Économie Le cobalt congolais a perdu 27 % de sa valeur depuis le début du mois de juin

Le cobalt congolais a perdu 27 % de sa valeur depuis le début du mois de juin

L’hydroxyde de cobalt exporté de RDC a perdu près de 27 % depuis début juin, selon Argus Media. Le ministre des Mines Louis Watum conduit une délégation à la China Mining Conference de Tianjin du 10 au 12 septembre.

Extraction de cobalt dans une mine du sud-est de la RDC.

Le cobalt congolais a perdu 27 % de sa valeur depuis le début du mois de juin
AFP

Rédaction Kinshasa
Kinshasa - 9 SEPTEMBRE 2026 - 11:30 WAT · 4 min de lecture

L’hydroxyde de cobalt exporté de République démocratique du Congo a perdu près de 27 % de sa valeur depuis le début du mois de juin 2026, selon les données du cabinet Argus Media rapportées par Radio France internationale le 9 septembre. La baisse intervient alors que Kinshasa contrôle toujours les volumes exportés par un régime de quotas mis en place il y a un an et demi.

Le ministre des Mines, Louis Watum, est arrivé à Pékin le mardi 8 septembre pour conduire la délégation congolaise à la China Mining Conference and Exhibition, qui se tient à Tianjin du 10 au 12 septembre 2026.

Le quota a fonctionné, puis il a cessé de tenir le prix

Le mécanisme reposait sur une équation simple : réduire l’offre pour soutenir le cours. Il a d’abord été freiné par ses propres procédures. Les quotas étaient difficiles à utiliser en raison de la complexité réglementaire, et les volumes partaient mal.

Ce n’est plus le cas. Les quantités autorisées sont désormais exportées plus facilement et arrivent plus régulièrement en Chine, destination située à quatre-vingt-dix jours de transport depuis la République démocratique du Congo. L’offre s’est donc normalisée au moment où la demande, elle, se contractait.

La batterie sans cobalt gagne des parts de marché

Le déplacement de la demande est technologique. « La technologie LFP, lithium fer phosphate, continue de gagner des parts de marché », déclare Chris Welch, chargé du suivi des matériaux pour batteries chez Argus Media, cité par Radio France internationale le 9 septembre 2026. Cette chimie, utilisée dans les batteries de véhicules électriques, se passe de cobalt.
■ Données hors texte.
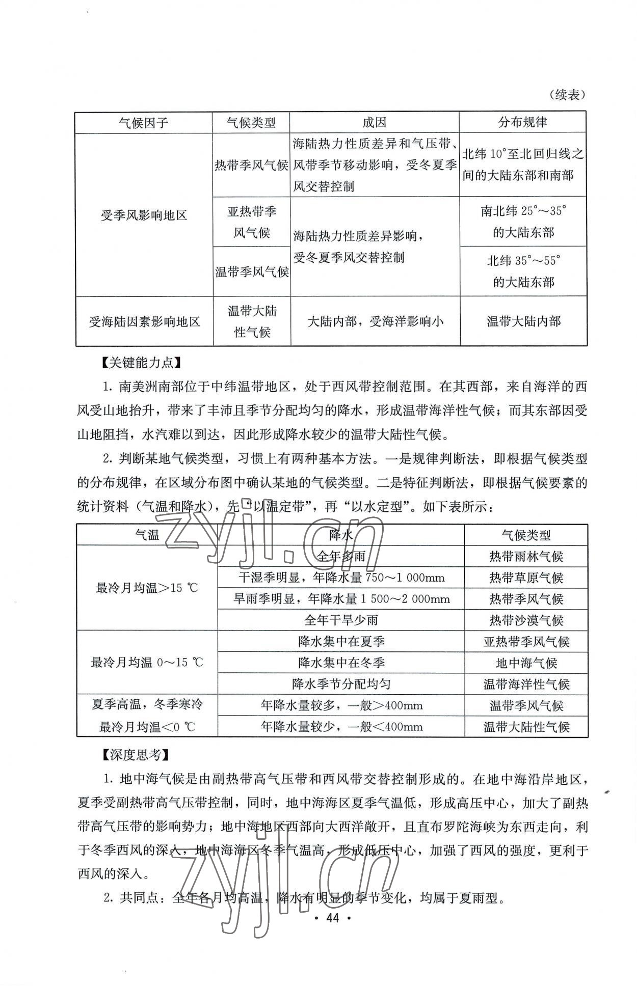 2022年同步练习册湖南教育出版社高中地理选择性必修1湘教版

Deuxième facteur, la demande en électronique grand public, du téléphone à la cigarette électronique, est plus faible qu’anticipé. Troisième facteur, les analystes du cabinet Project Blue, également cités par Radio France internationale le 9 septembre 2026, relèvent la pression exercée sur les prix du cobalt raffiné par l’offre à bas coût « de matériaux recyclés et de cobalt métallique dissous » mis sur le marché.

Seule la demande pour les alliages, notamment aéronautiques, se maintient. Elle ne représente qu’une fraction du débouché congolais.

BETO avait établi que le quota national de 87 000 tonnes n’était utilisé qu’à hauteur d’environ 60 %, et qu’un plafond que les exportations n’atteignent pas contraint moins le marché que les recettes de l’État.

Le ministre des Mines va vendre le sous-sol congolais à Tianjin

La délégation conduite par Louis Watum participe à un congrès annuel qui réunit gouvernements, investisseurs et entreprises minières, avec expositions commerciales, conférences sur les politiques minières et sur l’investissement, et séquences consacrées au transfert des droits miniers.

« La délégation congolaise, conduite par le ministre des Mines Louis Watum, est arrivée à Pékin pour prendre part à la China Mining Conference and Exhibition, ce grand rendez-vous international du secteur minier, prévu du 10 au 12 septembre 2026 à Tianjin », indique le communiqué du ministère des Mines cité par l’Agence congolaise de presse le 8 septembre 2026.

Le même communiqué fixe l’objectif : « Cette participation traduit la volonté de la RDC de promouvoir son potentiel minier et de renforcer ses partenariats stratégiques dans le secteur, en vue de contribuer à un développement minier davantage créateur de valeur pour le pays. »

Le rendez-vous se tient donc devant les acheteurs chinois, dans le pays vers lequel partent les cargaisons, au moment où le prix de la principale matière exportée recule de plus d’un quart.

Ce qui reste à établir

  • Le niveau du quota d’exportation en vigueur au 9 septembre 2026 n’est pas publié.
  • Ni l’Autorité de régulation et de contrôle des marchés des substances minérales stratégiques ni le ministère des Mines n’ont commenté publiquement la baisse de 27 %.
  • L’effet de cette baisse sur les recettes fiscales de l’exercice 2026 n’a fait l’objet d’aucune estimation officielle.
  • La composition de la délégation à Tianjin, son coût et les accords visés ne sont pas rendus publics.